The Best Revenge: You’re Living Well, Elizabeth Smart

I still remember the day in June 2002 when our local news reported the disappearance of Elizabeth Smart.  We live in a suburb north of Salt Lake City, where Elizabeth lived, and the state community immediately rallied around her family and searched frantically for her.  She had been kidnapped at knife-point from her Salt Lake City home, while her little sister watched the whole thing happen.  I remember how this story consumed me and the nation.  It soon became national news.  I used to watch for Elizabeth as I commuted to Salt Lake City for work each day.  I thought that maybe, if kept my eyes open, I might see her in the backseat of a car or looking forlornly out of a hotel room window.

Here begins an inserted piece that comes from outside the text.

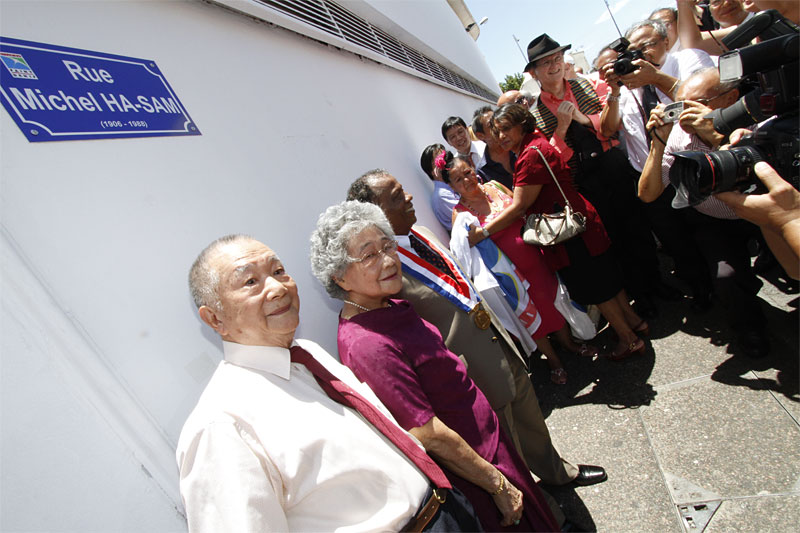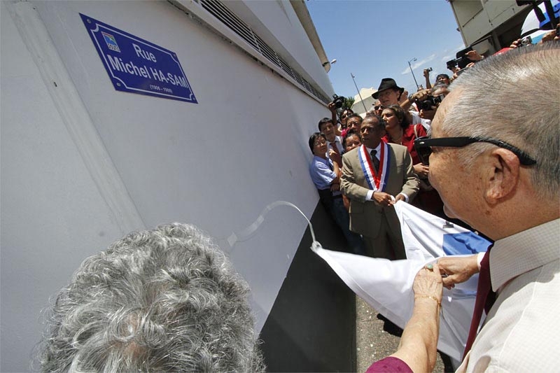 La rue des " Limites " où Michel Ha Sam vécut ses dernières années, portera désormais son nom. Ainsi en a décidé la municipalité de Saint-Denis. La célébration officielle d'inauguration s'est tenue ce mardi 16 février 2010.

Well, nine months went by, and I think most of us had concluded that she had been taken, raped, killed, and buried in a remote location.  Much of Utah is mountainous and rural, meaning that she could have ended up anywhere.  However, she was found!  And the story of what happened to her was recently published in her own words: My Story by Elizabeth Smart.

elizabeth smart

While this sort of book isn’t usually well written or necessarily transcendent, I’m always drawn to these types of memoirs because of my interest in the news stories about them.  I read Jaycee Dugard’s account of her years in captivity, and I anxiously waited for Smart’s book from my library.  It is voyeuristic, but I admit it.

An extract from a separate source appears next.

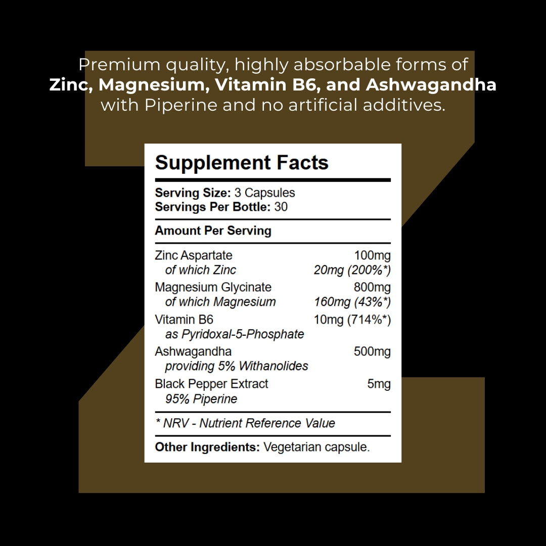To further boost its effects, ZMK Pro includes 500mg of Ashwagandha extract standardised to 5% withanolides for stress support, alongside Black Pepper Extract (95% Piperine) to enhance nutrient absorption and potency.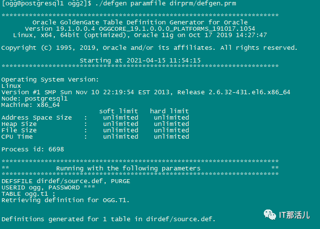 ggsci>edit param defgen内容DEFSFILE dirdef/source.def, PURGEUSERID ogg, PASSWORD xxxxxxxxxxxxxxxxxxTABLE ogg.t1 ;[ogg@postgresql1 ogg2]$ ./defgen paramfile dirprm/defgen.prm --shell命令

Smart’s book is predictable. Much of what she shares about the details of the kidnapping, captivity, and her return were details I already knew from the news.  She does open up about the daily rapes and the squalor of her conditions in the campsite above her home and as homeless drifters in San Diego, but nothing is overtly explicit.  If anything, Smart is careful not to reveal too much, and I appreciate that and I respect it.

She was kidnapped by a pedophile who claimed to be some sort of prophet.  While he seems to have been crazy or delusional, Smart is adamant that he knew what he was doing and used religious language and manipulative tactics to his advantage.  He pretended that this religion and his “revelations” were the reason he kidnapped and forced her to “marry” him, but Smart sees him as nothing but an evil sex-addicted and sadistic pervert.

As I read her story, I was sad for what happened to her, but happy that she had such a wonderful family to return home to.  It cause me to think about all of the children in the world who may actually face similar circumstances to hers while in captivity, but it is perpetrated at the hands of their extended family members or even their parents.  Additionally, many of the world’s girls are subject to sex trafficking and slavery, as outlined in Half the Sky by Nicholas D. Kristof and Sheryl WuDunn.  I recently read that book and was appalled at the conditions that many girls find themselves in and the lack of opportunities for them.  Smart was lucky to have grown up in such a loving and close-knit family and to be able to return to them and heal from her abuse by never looking back.

half-the-sky-cover1

And that’s where the value in Smart’s book lies.  In the last few chapters, where she explains how she recovered, she notes the important lesson her mother taught her a few days after she came home.  Her mother said, “Elizabeth, what this man has done is terrible.  There aren’t any words that are strong enough to describe how wicked and evil he is!  He has taken nine months of your life that you will never get back again.  But the best punishment you could ever give him is to be happy.  To move forward with your life.  To do exactly what you want. . . . At the end of the day, God is our ultimate judge.  He will make up to you every pain and loss that you have suffered.  And if it turns out that these wicked people are not punished here on Earth, it doesn’t matter.  His punishments are just.  You don’t ever have to worry.  You don’t ever have to even think about them again. . . . Just be happy.  If you go and feel sorry for yourself, or if you dwell on what has happened, if you hold on to your pain, that is allowing him to steal more of your life away.  So don’t you do that!  Don’t you let him!  There is no way he deserves that.  Not one more second of your life.  You keep every second for yourself.  You keep them and be happy” (p. 285-286).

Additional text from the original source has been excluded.